Собственно, девушкой этот камень можно было назвать с большой натяжкой, но главное, что удивляло, — там, где предположительно было лицо, по камню бежали тонкие струйки воды. Один из ручейков, которые во множестве стекали со скалы, падал прямо на старый корень, торчащий из скалы, и далее скатывался на голову «девушки».
— Да, здесь можно немного поработать резцом, и тогда черты лица проступят более отчетливо, — сказала Тоня мужчинам.
— И ты сможешь это сделать? — заинтересовался директор.
— Смогу, конечно, отчего не смочь, — кивнула Тоня, — потом надо места сколов немного состарить, и фигура будет что надо!
— Чувствую, Титова, что вместе с тобой прославлюсь и я, — потер руки Леонид Петрович.
— Можно подумать, вас с вашим виноматериалом кто-нибудь не знает, — хмыкнула Тоня.
— Минуточку, господа, — не слишком вежливо прервал их Лавр, — но тогда фигура эта уже не будет Плачущей девушкой, не так ли?
— Не так! — Директор подхватил его под руку и подвел ближе к фигуре. — Я уже все продумал. Мы проведем к этой природной скульптуре небольшую водяную трубку, из которой вода так же будет капать на голову и струиться по лицу. Более того, с помощью Антонины Сергеевны мы еще больше увеличим ее сходство с девушкой… Как ты думаешь, двести рублей за вход в сад камней будет не слишком дорого?
— Включая дегустацию? — уточнила Тоня.
— Да ладно, уж и пошутить нельзя!.. Я думаю, рублей пятьдесят. Чтобы хоть частично оправдать затраты…
— Какие затраты? — поинтересовалась Тоня. — Оплату моего скромного труда?
— А доставку, — разгорячился директор, — а кран, а площадку, на которую мы вывезли уже пять машин гравия?! Представляю, каких трудов будет стоить доставка остальных камней. Вряд ли они лежат возле дороги и их можно вывезти без помощи автокрана…
— Если совхозу это невыгодно, тогда зачем и затеваться?.. — фыркнула Тоня.
— Не то чтобы совсем невыгодно. Этот, как его, пиар еще никому не повредил.
— Все равно не понимаю, зачем вам пиар? — продолжала допытываться Тоня.
— Не государственные мозги у вас, сударыня. Представь, сегодня губернатор края небось и не знает, где находится наш поселок, правильно? И если обращаться к нему с какими-то своими проблемами, может и отказать. А так… Кто прославляет край, куда едут толпы туристов, где культурная жизнь бьет ключом, тем и помогать надо…
— Ну уж и ключом!
— До чего же ты вредная женщина, Титова! Недаром наши мужички-холостячки тебя боятся. Ходят вокруг, облизываются, а ближе подойти боятся…
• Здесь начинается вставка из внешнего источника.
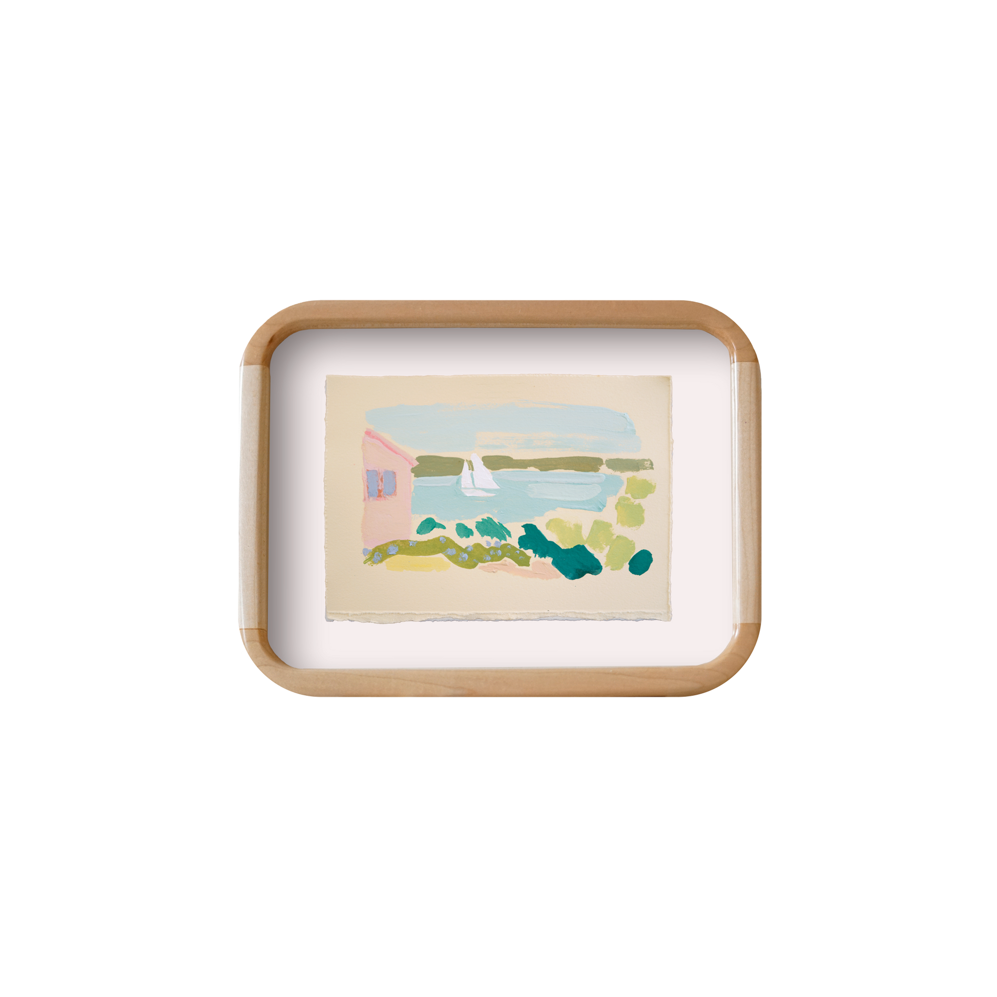 Oil on BFK Rives 280gsm paper floated in a Rounded Natural Wood Frame with Pure White mat

Тоня могла бы сказать, что некоторые таки осмелились, подошли, но тут же подумала, что говорить о таком, конечно же, постесняется. Так и будет жить и в каждом мужчине видеть потенциального насильника.
Лавр с новым интересом взглянул на нее.
— Так что, сможем мы ее погрузить? — ворвался в мысли Тони голос Леонида Петровича.
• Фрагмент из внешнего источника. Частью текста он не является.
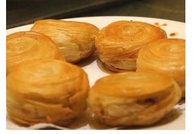 千层油酥饼是陕西特色小吃,相传是由唐代的千层烙饼经历代厨师不断精心改进而成,色泽金黄、层次鲜明、脆而不碎、油而不腻、香酥适口。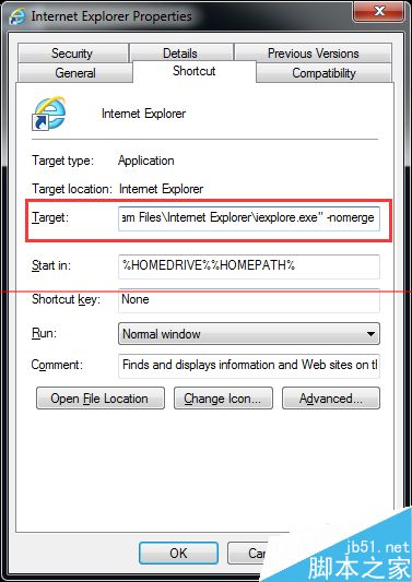 3、在”目标“栏中,增加”-nomerge“参数,并点确认按钮,如图:

Лавр вернулся к машине, вытащил из нее небольшую дорожную сумку, а уже из сумки — саперную лопатку, подошел к Плачущей девушке и осторожно стал копать у ее основания. Потрогал фигуру, пробуя, не шатается ли, и наконец кивнул каким-то своим мыслям.
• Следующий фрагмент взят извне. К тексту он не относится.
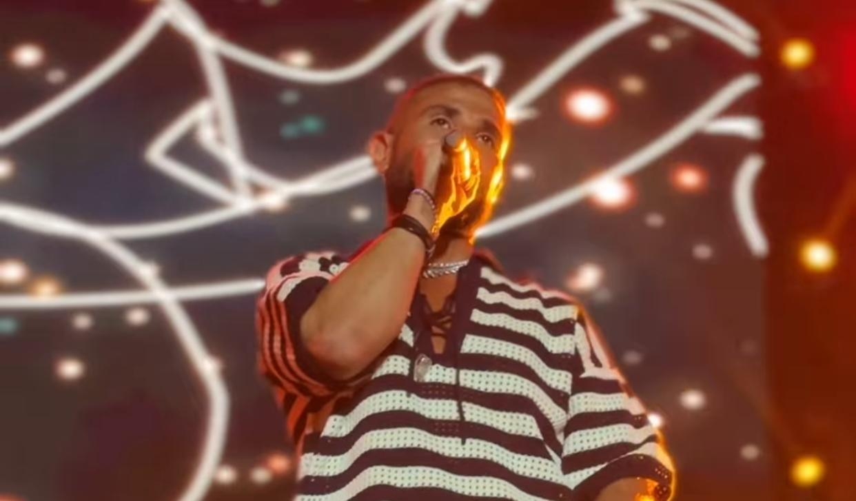 تامر عاشور على العكاز خلال حفله مع تامر حسني في الكويت

— В крайнем случае придется использовать отбойный молоток, — сказал он директору.
— А она не треснет?
— Будем надеяться, — пожал Лавр плечами.
— Постойте, а где же водопады? — воскликнула Тоня, увидев, что мужчины опять идут к машине.
— Да вон они, — махнул директор, — надо через эту речушку перебраться, там другая есть, пошире. Приток Челбы…
Тоня с сожалением взглянула на свои ноги, обутые в короткие кроссовки, больше напоминающие кеды. В такую холодную воду войди — воспаление легких обеспечено.
Но долго горевать ей не пришлось. Не успела она охнуть, как Лавр подхватил ее на руки, чтобы перенести через речку.
— Вы там недолго, — крикнул им вслед директор, — а то мне еще в район ехать!
Один раз Лавр поскользнулся и, удерживая равновесие, крепко прижал ее к себе, но Тоня должна была с сожалением признать, что даже следа того самого одеколона на его коже нет.
Почему с сожалением? Потому что поняла, что ей бы хотелось знать, что тогда ночью это был он…
Нет, не то чтобы ей нравились насильники, но вообще-то впервые в жизни она чувствовала себя спокойно в мужских крепких руках. То есть Тонин муж Михаил тоже не был задохликом, но она могла представить его себе в виде мурлыкающего тигра, о котором никак нельзя сказать наверняка, что он приручен и не нанесет человеку никакого вреда…
Надо же, однако, как вывихнуты у нее мозги! Она хотела бы знать, что этот мужчина, который сейчас нес Тоню на руках, совсем недавно ее изнасиловал!
Между тем Лавр поставил ее на землю, и она увидела, как за узким перешейком со скалы высотой метров пять низвергается вода, с ревом, брызгами во все стороны, и как этот ревущий поток шутя ворочает многопудовые камни и тащит их за собой словно играючи. Впрочем, эта игра потоку как бы надоедает, он бросает очередную каменную глыбу, тащит за собой следующую, и так на всем пути…
— Отчего-то наблюдая за водой, льющейся из крана, я никогда не думал о том, что она может быть такой сильной. Вроде и река неширокая, а камни ворочает — будь здоров, — сказал поверх ее плеча Лавр.
Завороженная зрелищем Тоня не помнила, сколько так стояла, пока ее не коснулась рука Лавра.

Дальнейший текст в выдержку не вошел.